Форма рукояти же один в один, конечно.
Те семь минут показались ему бесконечно долгими, словно он застрял в вязкой субстанции — или в особенно загруженный день в Скотланд-Ярде, состоявшем из сборища одних лишь идиотов и простофиль (хорошо, Лестрейд в их число уже не входил, но не в этом суть), или вовсе упал, закутанный в пальто, как уже бывало, в Темзу.
Это Шерлок великодушно решил не причислять Лестрейда к идиотам? Или Лестрейд просто уволился?
Стоило Холмсу поднять глаза на вошедшего Уотсона, как член дернулся, словно бы кровь хлынула в него еще сильнее, потемнел больше, прижимаясь к его подтянутому обнаженному животу.
Спешите видеть, аноны и анонессы! Только у нас, в Лимонном шапито мадемуазель Люмьер, единственный в мире член-хамелеон, способный поменять окрас за считанные секунды.
Шерлок увидел стек в руках Джона, и словно стрелой в его голове пронеслись те дни на Бейкер-Стрит, Эта Женщина и мелодия. Мелодия, которую тот написал. Не для нее, не о ней. Холмс писал лишь то, что чувствовал, тем самым стараясь понять природу собственных эмоциональных переживаний тех или иных коллизий. Он словно бы подорвался что-то произнести, сказать о Ней, потому что знал, что Джон сам не купил бы жесткий хлыст, не взял бы его собственный из морга (безусловно), да и тот был потрепан временем и экспериментами, и оставалась лишь Она.
Что ж все так неопределенно-то? Я еще понимаю "эта женщина", в каноне так же было, вроде бы. Но здесь же еще "те дни", "то, что чувствовал", "тех или иных коллизий" и "что-то произнести". Такое впечатление, что автору было лень писать эту часть и она хотела поскорее ее пропустить.
Столь изящный инструмент в его руках был непривычен, он скорее подходил самому Шерлоку, но… Впрочем, Холмс бы только взял его и передал Уотсону, поскольку не ему им пользоваться. Не ему.
Но ведь Шерлок как раз пользовался хлыстом. Вон даже автор еще в предыдущем абзаце об этом помнит.
— Я хочу, чтобы ты использовал его. Я хочу, чтобы ты ударил меня. Я хочу, чтобы ты заклеймил меня своим.

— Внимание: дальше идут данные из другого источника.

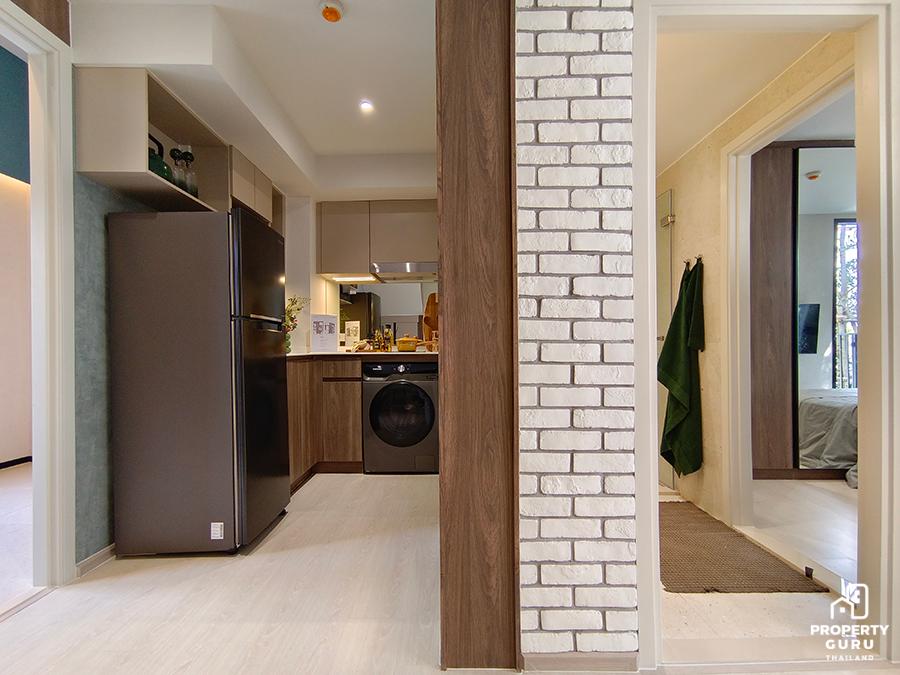1 Bedroom Plus 34.40-34.90 ตร.ม. เป็นห้องหน้ากว้างเกือบ 8 เมตร ห้องนอนจะอยู่ด้านขวา ส่วนทางซ้ายจะเป็นห้องพลัส เหมือนซื้อ 1 ห้องนอนแต่ได้ 2 ห้องนอน Built-in เคาน์เตอร์ครัวรูปตัว U ห้องนั่งเล่นได้เก้าอี้ 3 ตัวแบบห้องตัวอย่างช่วยประหยัดพื้นที่

Уотсон прищуривается, все еще оценивая подарок — ранее они не использовали подобные игрушки. Но Шерлок жаждет именно этого — порки. Чего же он ожидает получить от нее: боль, унижение, наказание? Нет, вовсе нет. Шерлок сам озвучил желаемое: он хочет принадлежать Джону. И теперь перед Уотсоном стоит задача присвоить Холмса себе, забрав его от всего окружающего, от воспоминаний и даже от Чертогов Разума. Попросив Джона заклеймить его своим, Шерлок мог даже не осознавать, что хочет свободы — в особенности от своего гениального ума. Единственный способ подарить детективу отпуск от самой главной своей части, это заставить его сфокусироваться на чем-нибудь ином. Сегодня Джон заставит его смотреть только на него и думать лишь о своем доминанте.
А это, наверное, психологический обоснуй по-люмьерски подъехал.
Только почему Джон решил, что Шерлок хочет именно этого? Сам Шерлок никак не намекал, что его пороть нужно, только минет пистолету делал. И с чего вдруг Джон считает себя доминантом Шерлока (до этого они такую терминологию не использовали)?
Он отвечает тихо, спокойно, не отводя взгляда и не пытаясь что-либо скрыть, ведь в подобные, особые моменты он — открытая книга, а не великий гений дедукции, поскольку сам всячески старается отключить свой разум.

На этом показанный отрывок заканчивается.